After inflows from savers slowed during the pandemic because of worries about retail closures and the future of the office, Hausinvest has seen money start to flow back in during recent months, Koch said. German investors like Commerz, Allianz and others are of a scale that the U.S. becomes attractive for diversification reasons — when you get to a certain size you have to look beyond Europe to diversify your risk. 

Because it is investing on behalf of individuals, Commerz continues to look at low-risk, long-term investments primarily in gateway cities.
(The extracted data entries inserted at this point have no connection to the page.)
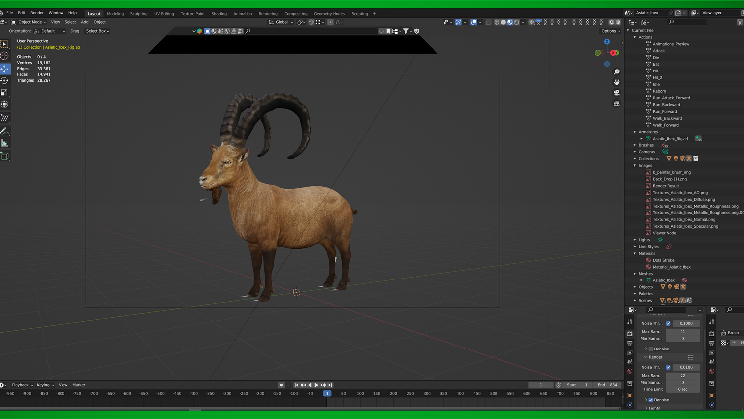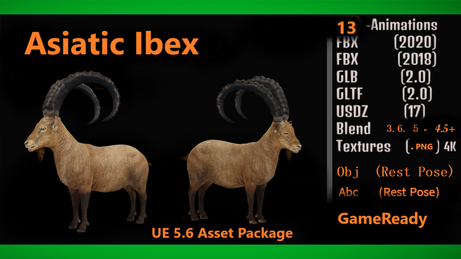 Vertices-19162 Faces-14941 Edges-33361 Triangles-28267 The Siberian ibex, also known using regionalized names including Altai ibex, Asian ibex, Central Asian ibex, Gobi ibex, Himalayan ibex, Mongolian ibex, Tian Shan ibex, is a polytypic species of ibex, a wild relative of goats and sheep. .3D Asiatic Ibex Realistic Animal Model By Nyilonelycompany (nyc).Thank you.
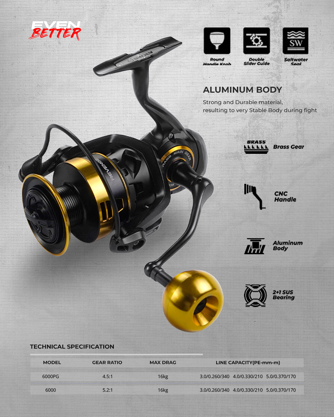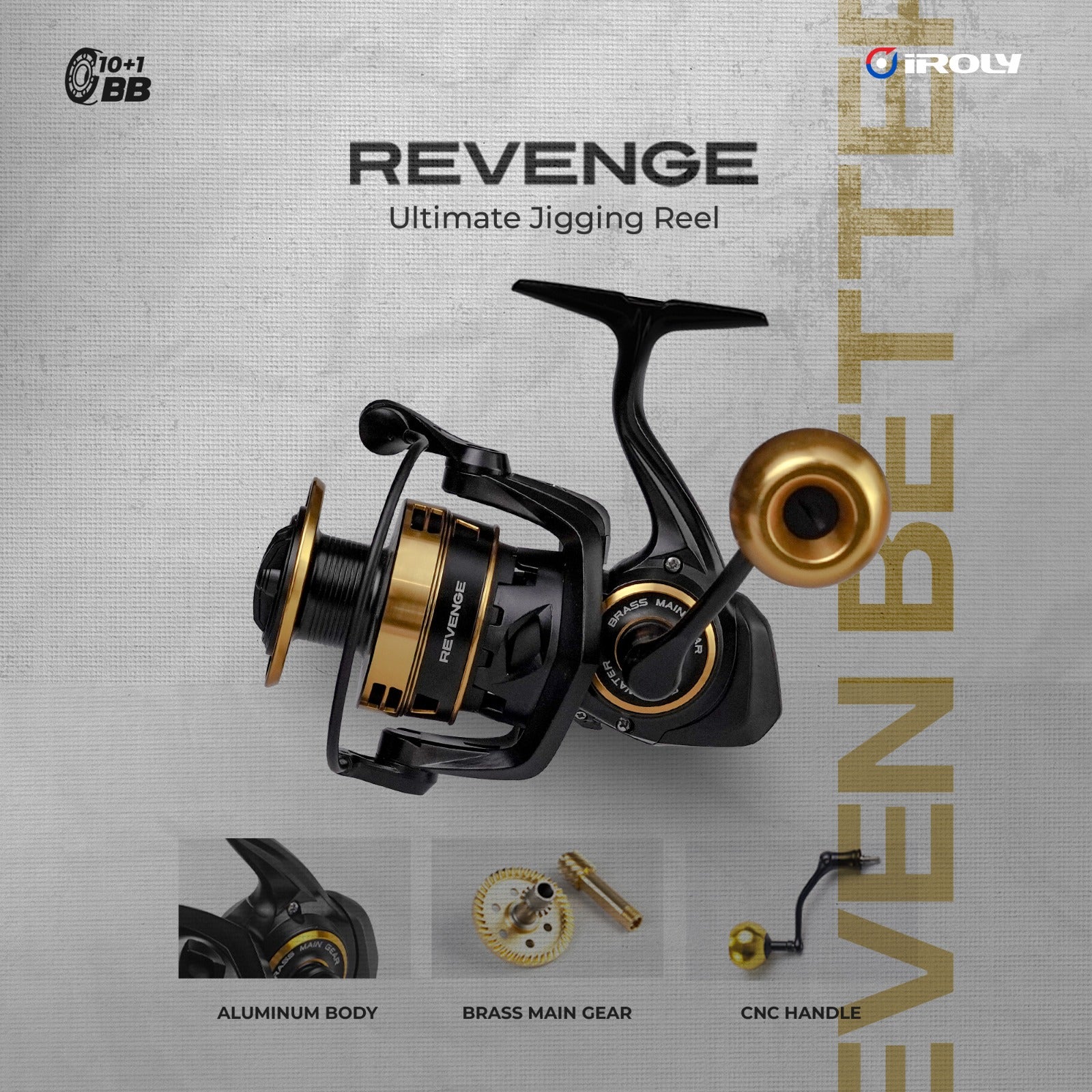 The Iroly Revenge is engineered for serious anglers, delivering power, durability, and precision. Its large brass drive gear and lightweight aluminum body provide smooth, stable performance, while stainless steel bearings and a fully sealed, saltwater-resistant design protect against wear. Available in 6000 (5.2:1) and 6000PG (4.5:1), this reel excels at jigging and tackling tough fish with confidence.
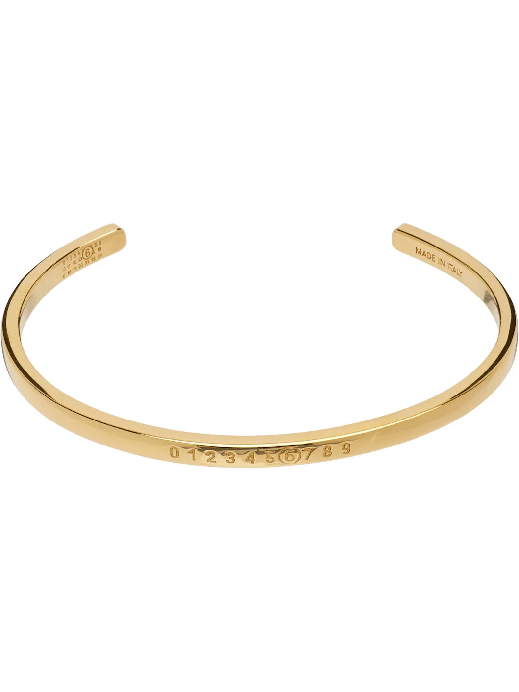 Open cuff bracelet in polished gold-tone brass. Logo engraved at face. Supplier color: Polished yellow Brass. Made in Italy 252188F020012
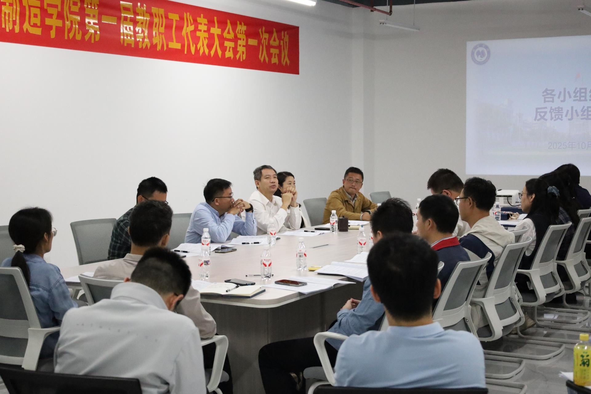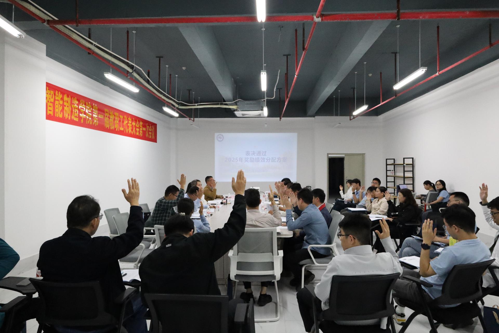 大会进入第二阶段,各组组长汇报讨论情况。同时,教职工代表审议通过了《智能制造学院2024年度工作报告》、《智能制造学院2025年奖励绩效工资分配方案》,大会在奏唱校歌后圆满落幕。
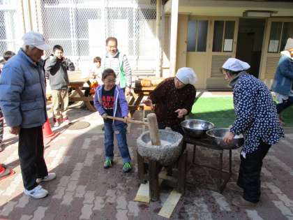 おもちを食べるだけでなく,多くの子どもたちがもちつきの体験をさせていただきました。
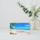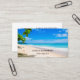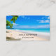 Business cards with a lovely photograph. A white sandy beach with azure blue water. Relaxing image with a sunny sky and gentle foamy surf with some cute tropical leaves framing the image.
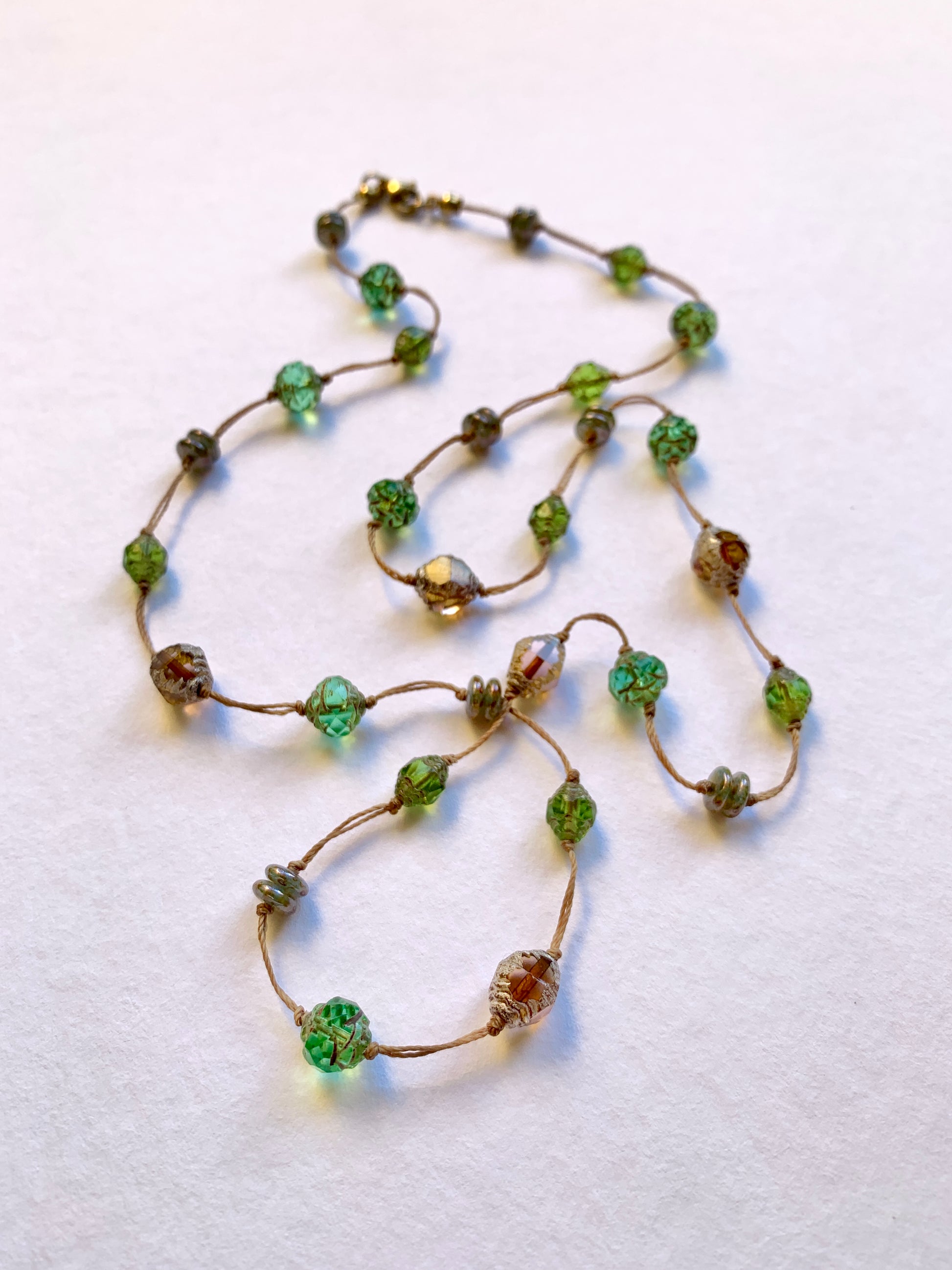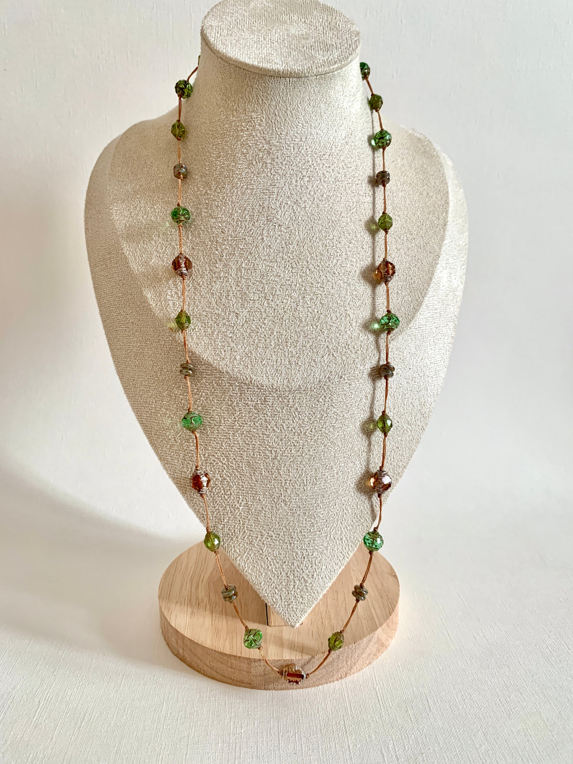 Ses perles de verre vertes et ambrées évoquent la force tranquille de la nature, celle qui relie la terre à la vie, la racine au souffle.
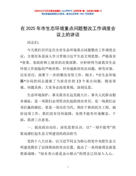 / 在2025年市生态环境重点问题整改工作调度会议上的讲话
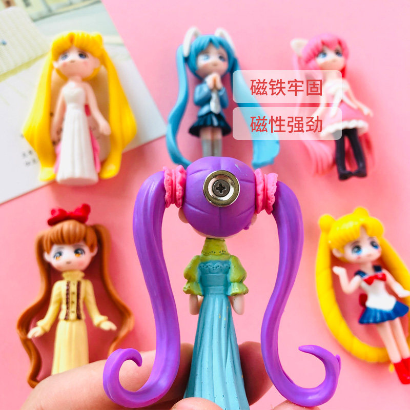 Cartoon cute animation beauty girl warrior stereo refrigerator magnetic sticker decoration magnetic tape message Sticker Sticker
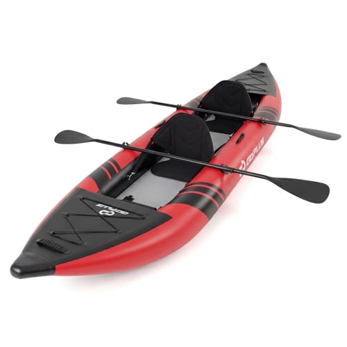 COSTWAY Kajak aufblasbar 2 Personen, aufblasbares Kanu mit Aluminiumrudern, gepolstertem Eva-Sitz, Handpumpe und Reparaturset, Schlauchboot mit Tragetasche, 230 kg Gewichtskapazität (Rot)
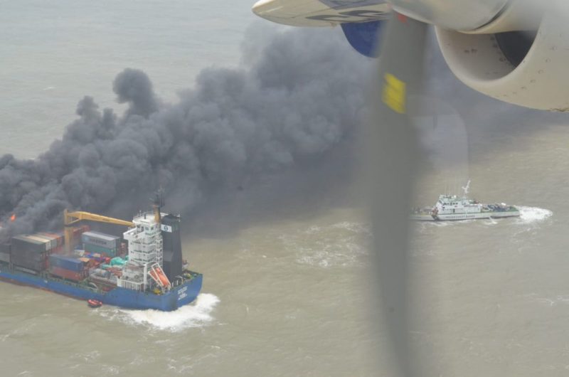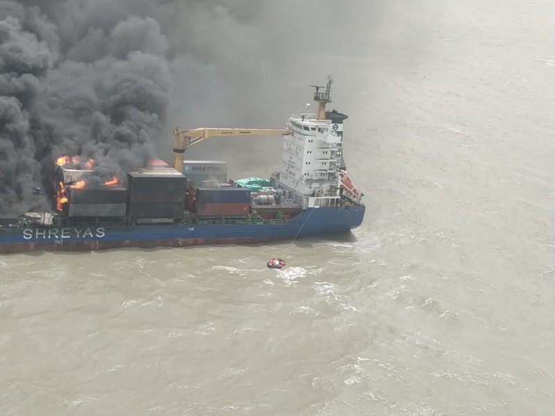 Индийская береговая охрана спасла всех 22 членов экипажа контейнеровоза после крупного пожара на борту судна, примерно в 50 милях от побережья Индии в Бенгальском заливе.
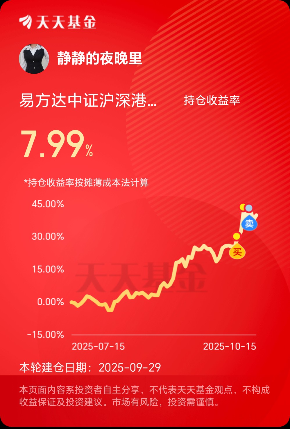 近期黄金这波行情真的是太香了,尤其是我持有的$易方达中证沪深港黄金产业股票指数发起式C(OTCFUND|021363)$自从上车之后,始终保持稳定上涨趋势,在持有期间体验感特别好,目前我的持有收益率也有7.99%,后期如果出现回调,我也会继续加仓,要知道这可是金价中的放大器,不但比黄金弹性更高,而且上涨空间也会更足!
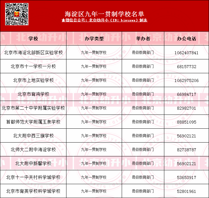 海淀区九年一贯制学校名单
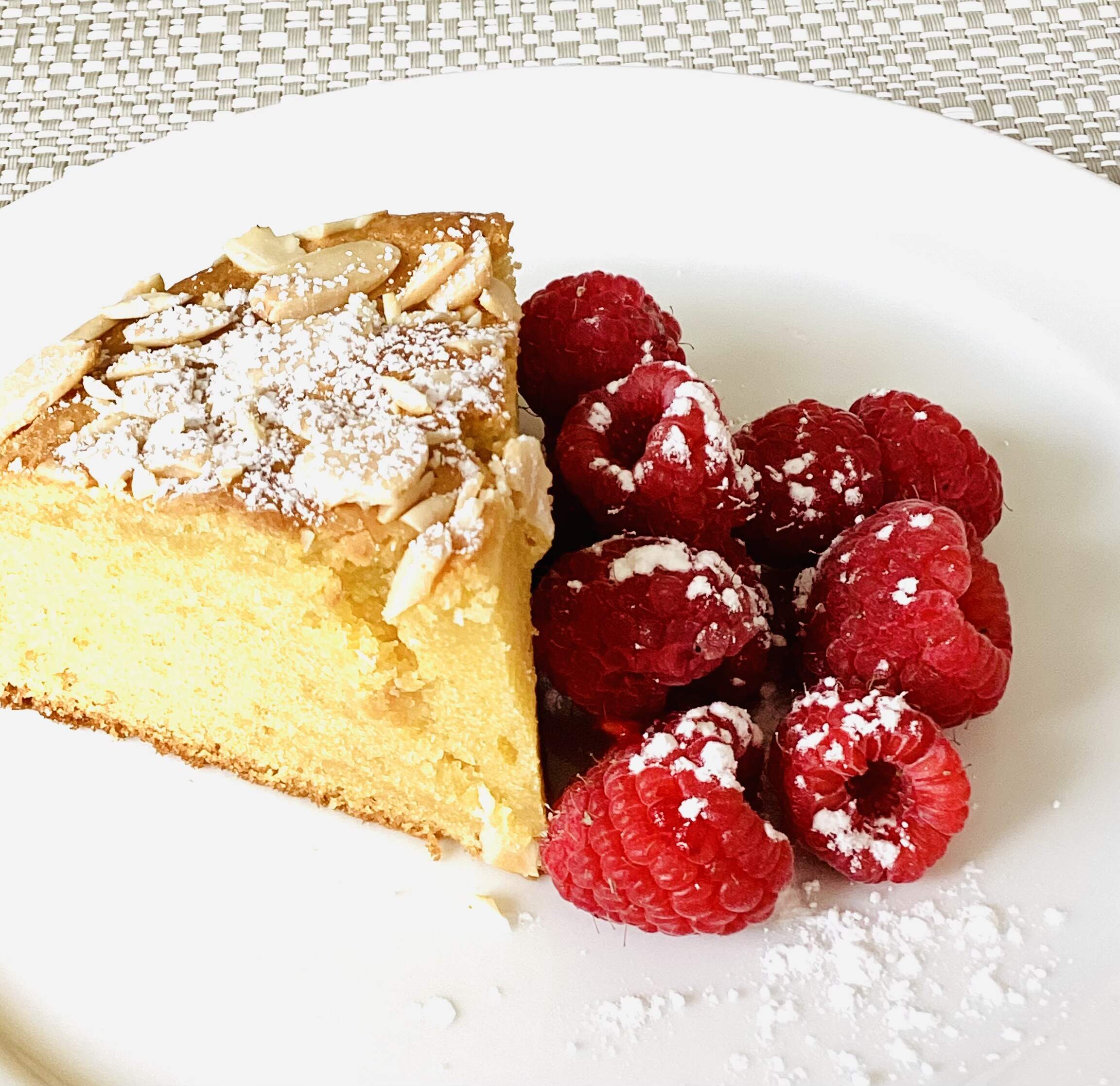 Dessert was a slice of yesterday’s Clementine cake with a little sour cream and a dab of jam.
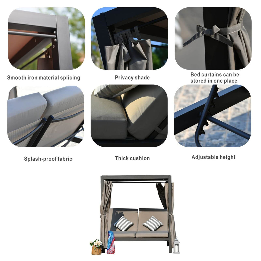 Relax in luxury with this Daybed with Canopy, designed to offer the ultimate outdoor retreat. Featuring an adjustable canopy for sun protection from any direction and two adjustable chaise lounges, this daybed allows you to create your own personal relaxation space. Perfect for enjoying long summer days in your backyard, it’s your go-to sanctuary for ultimate comfort and style.

The office in New York will allow it to undertake its own U.S. asset management and better scout for new opportunities, which are likely to continue to be in the office and hotel sectors. 

“There are some cities like Austin where you have a good investment opportunity, with tech companies moving there and big population growth,” Koch said. “But it is probably a bit early for us; we will continue to focus on gateway cities.”

As international investors become more comfortable investing in the U.S., they are likely to diversify in terms of sector, CBRE’s Reeves said. A big appeal of the U.S. is that sectors with strong demographic support — like life sciences, medical offices and multifamily, which institutional investors would like to access — are far more mature and less risky in the U.S. compared to Europe.

For now, investors like Commerz are more than happy sticking to the traditional real estate food groups in big cities and are likely to play an increasing role in U.S. capital markets.